The World Is Yours 1

The World is Yours at Monmouth is World Cinema Series

The World Cinema Series, a passion project of history professor Thomas Pearson, Ph.D., celebrates its fifth year at the University this semester.

The theme of this year’s films is “Thirty Years After the Fall of the Berlin Wall (1989-2019): Hopes Abandoned,” and seeks to invoke discussion about the influence of democracy, or lack thereof, on international events.

Pearson began featuring films in 2008 with the start of his Provost Series, which continued until he stepped down from the position in 2014.

Since its genesis, the series has undergone an immense growth. Pearson commented that he now has about 15 board members who work to determine the theme, pick films, and ensure that each event runs smoothly.

Each year, the movies center on a certain theme that encourages discussion about worldly topics.

After each movie, Pearson brings in a commentator who will lead discussion and answer questions about the film.

Pearson believes that this aspect is the most valuable of the series. “You get caught up in the story, but the film is actually chosen to focus on a particular theme, and intended to get the audience to think and ask questions,” he said.
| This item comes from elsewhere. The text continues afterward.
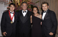 Banda El Recodo band members Joel and Alfonso Lizarraga at the 2003 BMI Latin Awards with BMI's Del Bryant and Delia Orjuela. View Photo

The World Is Yours 2When asked about his primary goal in continuing this series, Pearson stated, “students that go to these films are going to discover that there is a whole world of film out there that is not shown at the blockbuster movie theaters.”

Pearson continually emphasized the importance of global perspective to young people, and that these films seek to encourage students at the University to, “begin to look at events in the world, to look at other people outside their own experiences and to appreciate their lives and perspectives on global issues.”

Pearson seemed delighted that last year’s attendance to the films was much greater than that of previous years, and he is hopeful that this trend will continue.

Students who attend the films note that they are often surprised by the amount of insight that they gain from watching the movies.

Brooke Kampf, a sophomore psychology student, said, “The film I saw gave me more insight into American life from different cultures’ perspectives. It opened my eyes in a way I wasn’t expecting it to.”

Catilin Clarke, a sophomore English education student agreed, and said, “I see people of other cultures and in other countries in a different way now. They’re not strangers, they’re just people.”

This year’s films are a group of diverse genres that all relate to the issue of democracy and restriction on speech, which Pearson thinks, “could not be more fitting” given the current international and political climate.”

Shown on Oct. 8, NO focuses on a marketing executive’s advertisement campaign during the 1988 referendum on Chilean Dictator Augusto Pinochet.

The second flick on Jan. 23, Goodbye Lenin, is a comedy featuring a son who attempts to convince his mother after she awakes from a coma that communist forces are still in power in East Germany.

Feb. 19’s 12:08 East of Bucharest is the third movie that questions the true nature of revolution by following a group of men who aim to reveal if a revolution truly occurred in their town.

The Wave, the fourth film to be shown on Mar. 27, centers around a teacher whose lesson plan on anarchy and dictatorship takes on a life of its own.

The final feature to be screened on Apr. 23, The Nile Hilton Incident, follows the story of a policeman and his navigation of corruption among important officials.

Each movie screening will be held at 7:30 p.m. in Pollak Theater.

On Dec. 13, there will also be a special feature screening.

Pearson says that the advisory committee is always looking for student interest when picking their movies, and anyone interested in the series is welcome to reach out to make suggestions.